The etcd cluster that serves Kubernetes on master nodes is backed up every 10 minutes. These backups are pushed to Ceph Rados Gateway (S3).
Restoring the etcd cluster from backup is only meant to be used in a catastrophic scenario, whereby the Kubernetes cluster and master nodes are being rebuilt. This procedure shows how to restore the bare-metal etcd cluster from an Simple Storage Service (S3) snapshot.
The etcd cluster needs to be restored from a backup when the Kubernetes cluster and master nodes are being rebuilt.
The Kubernetes cluster on master nodes is being rebuilt.
Retrieve the S3 credentials for the Etcd-Backup user.
The following command must be run from a storage node.
ncn# radosgw-admin user info --uid Etcd-Backup | jq -r '.keys'
[
{
"user": "Etcd-Backup",
"access_key": "<value>",
"secret_key": "<value>"
}
]
Note the returned access_key
and secret_key
values.
Configure the S3 client credentials.
The first NCN master node in a deployment contains a couple of helper scripts related to backup and restore. Use the values from the previous step to update the credentials.json file in the /opt/cray/platform/utils/s3 directory.
ncn# cd /opt/cray/platform-utils/s3
ncn# vim credentials.json
{
"access_key": "<value>",
"secret_key": "<value>",
"endpoint_url": "http://rgw-vip"
}
Select a snapshot to restore a backup.
The following command lists the available backups. It must be run from the /opt/cray/platform-utils/s3 directory.
ncn# ./list-objects.py --bucket-name etcd-backup
bare-metal/etcd-backup-2020-02-04-18-00-10.tar.gz
bare-metal/etcd-backup-2020-02-04-18-10-06.tar.gz
bare-metal/etcd-backup-2020-02-04-18-20-02.tar.gz
bare-metal/etcd-backup-2020-02-04-18-30-10.tar.gz
bare-metal/etcd-backup-2020-02-04-18-40-06.tar.gz
bare-metal/etcd-backup-2020-02-04-18-50-03.tar.gz
Note the file name for the desired snapshot/backup.
Download the snapshot and copy it to all NCN master nodes.
Retrieve the backup from S3 and uncompress it.
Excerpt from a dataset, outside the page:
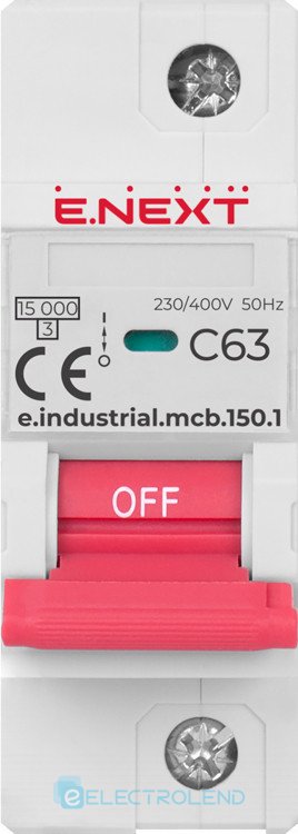 I0630038 Модульный автоматический выключатель e.industrial.mcb.150.1.C63, 1р, 63А, C, 15кА
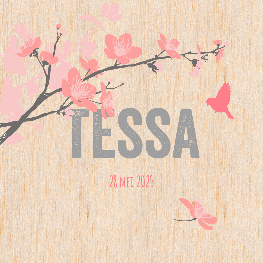 Romantische geboortekaart voor een meisje met een roze bloesemboom en vogeltje. Dit kaartje wordt op echt hout gedrukt, wat het erg origineel maakt!

ncn# mkdir /tmp/etcd_restore
ncn# cd /opt/cray/platform-utils/s3
ncn# ./download-file.py --bucket-name etcd-backup \
--key-name bare-metal/etcd-backup-2020-02-04-18-50-03.tar.gz \
--file-name /tmp/etcd_restore/etcd-backup-2020-02-04-18-50-03.tar.gz
ncn# cd /tmp/etcd_restore
ncn# gunzip etcd-backup-2020-02-04-18-50-03.tar.gz
ncn# tar -xvf etcd-backup-2020-02-04-18-50-03.tar
ncn# mv etcd-backup-2020-02-04-18-50-03/etcd-dump.bin /tmp
Push the file to the other NCN master nodes.
ncn# scp /tmp/etcd-dump.bin ncn-m002:/tmp
ncn# scp /tmp/etcd-dump.bin ncn-m003:/tmp
Prepare to restore the member directory for ncn-m001
.
Log in as root to ncn-m001
.
Create a new temporary /tmp/etcd_restore directory.
ncn-m001# mkdir /tmp/etcd_restore
Change to the /tmp/etcd_restore directory.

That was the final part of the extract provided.